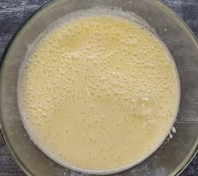 1. Заранее просеянную муку смешиваем с солью и разрыхлителем в отдельной чашке. Берём другую чашку и взбиваем в ней яйца с сахаром. Можно воспользоваться миксером или просто взять венчик. Миксером, конечно, быстрее. Смесь должна побелеть и увеличиться в размере. Вливаем кефир, растительное масло и снова всё смешиваем до однородности.
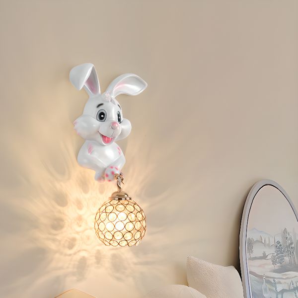 Whimsical Sculpted Resin Rabbit Wall Sconce with K9 Crystal Shade - 110V-120V Rabbit Hardwired
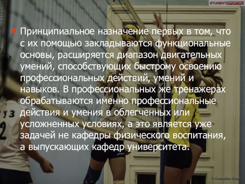 основы, расширяется диапазон двигательных умений, способствующих быстрому освоению профессиональных действий, умений и навыков. В профессиональных же тренажерах обрабатываются именно профессиональные действия и умения в облегченных или усложненных условиях, а это является уже задачей не кафедры физического воспитания, а выпускающих кафедр университета.
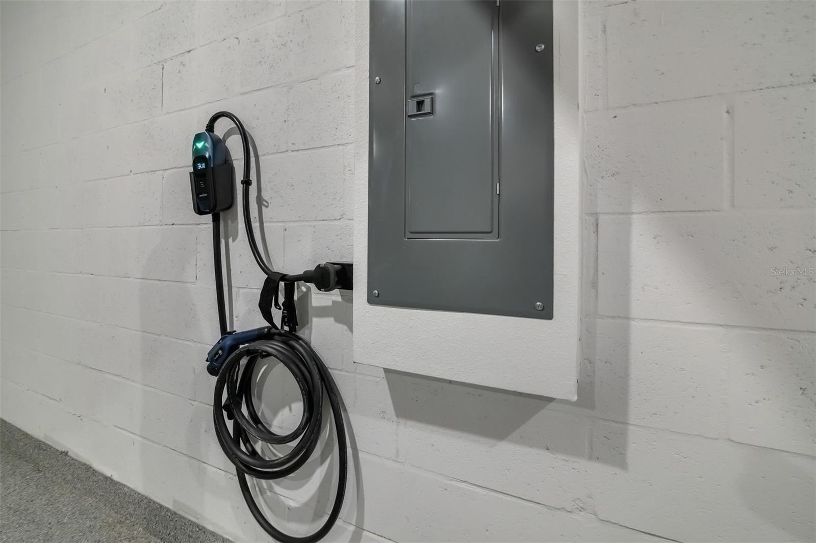 EV charging included: Portable Level 1 / Level 2 electric vehicle charger with interchangeable NEMA 5-15 and NEMA 14-50 plugs. Provides up to 40 amps and 9.6 kW charging capacity. Compatible with Tesla and all electric vehicles using the North American Charging Standard (NACS). Includes a 25-foot cable and built-in safety protections.
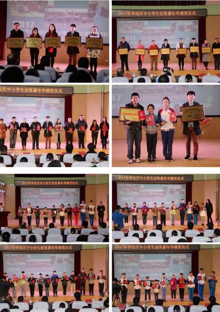 所謂創(chuàng)客,就是一群熱衷于做自己想做的事,用技術(shù)改變生活的人。本次李滄區(qū)中小學(xué)生創(chuàng)客嘉年華活動為孩子們提供了充分展示自己作品的機會,既有科技創(chuàng)新、學(xué)校多彩社團作品展示,還有學(xué)校特色活動互動體驗和前沿科技項目互動體驗,創(chuàng)意結(jié)構(gòu)搭建、3D打印、VR、機器人、大型無人機等作品琳瑯滿目,科技味十足?;顒舆€對2017年李滄區(qū)科技教育先進(jìn)單位、先進(jìn)個人、科技小明星進(jìn)行了表彰。
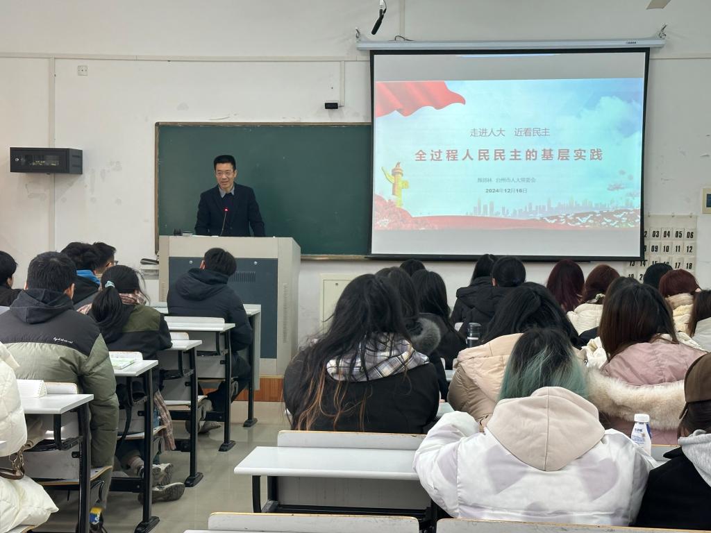 今年是全国人民代表大会制度建立70周年,颜邦林结合70年来全国人民代表大会工作取得的历史性成就,在讲述马克思主义经典作家关于社会主义民主的重要思想基础上,重点引导员工们学习了习近平总书记关于全过程人民民主的重要论述,详细讲述了台州市人大践行全过程人民民主的典型实践,使同学们对全过程人民民主有更为直观的认知、更加深刻的理解。课程最后,颜邦林鼓励同学们做全过程人民民主的积极宣传者、参与者,欢迎同学们利用课余时间深入台州市人大代表联络站,“零距离”感受人民代表大会制度魅力。
——
## WHAT THE TASK REQUIRES
While leaving pictures out, reproduce exactly the lines from the beginning of the listing above through the line containing "所謂創(chuàng)客,就", both ends included.

## OUTPUT FOR THIS TASK
 1. Заранее просеянную муку смешиваем с солью и разрыхлителем в отдельной чашке. Берём другую чашку и взбиваем в ней яйца с сахаром. Можно воспользоваться миксером или просто взять венчик. Миксером, конечно, быстрее. Смесь должна побелеть и увеличиться в размере. Вливаем кефир, растительное масло и снова всё смешиваем до однородности.
 Whimsical Sculpted Resin Rabbit Wall Sconce with K9 Crystal Shade - 110V-120V Rabbit Hardwired
 основы, расширяется диапазон двигательных умений, способствующих быстрому освоению профессиональных действий, умений и навыков. В профессиональных же тренажерах обрабатываются именно профессиональные действия и умения в облегченных или усложненных условиях, а это является уже задачей не кафедры физического воспитания, а выпускающих кафедр университета.
 EV charging included: Portable Level 1 / Level 2 electric vehicle charger with interchangeable NEMA 5-15 and NEMA 14-50 plugs. Provides up to 40 amps and 9.6 kW charging capacity. Compatible with Tesla and all electric vehicles using the North American Charging Standard (NACS). Includes a 25-foot cable and built-in safety protections.
 所謂創(chuàng)客,就是一群熱衷于做自己想做的事,用技術(shù)改變生活的人。本次李滄區(qū)中小學(xué)生創(chuàng)客嘉年華活動為孩子們提供了充分展示自己作品的機會,既有科技創(chuàng)新、學(xué)校多彩社團作品展示,還有學(xué)校特色活動互動體驗和前沿科技項目互動體驗,創(chuàng)意結(jié)構(gòu)搭建、3D打印、VR、機器人、大型無人機等作品琳瑯滿目,科技味十足?;顒舆€對2017年李滄區(qū)科技教育先進(jìn)單位、先進(jìn)個人、科技小明星進(jìn)行了表彰。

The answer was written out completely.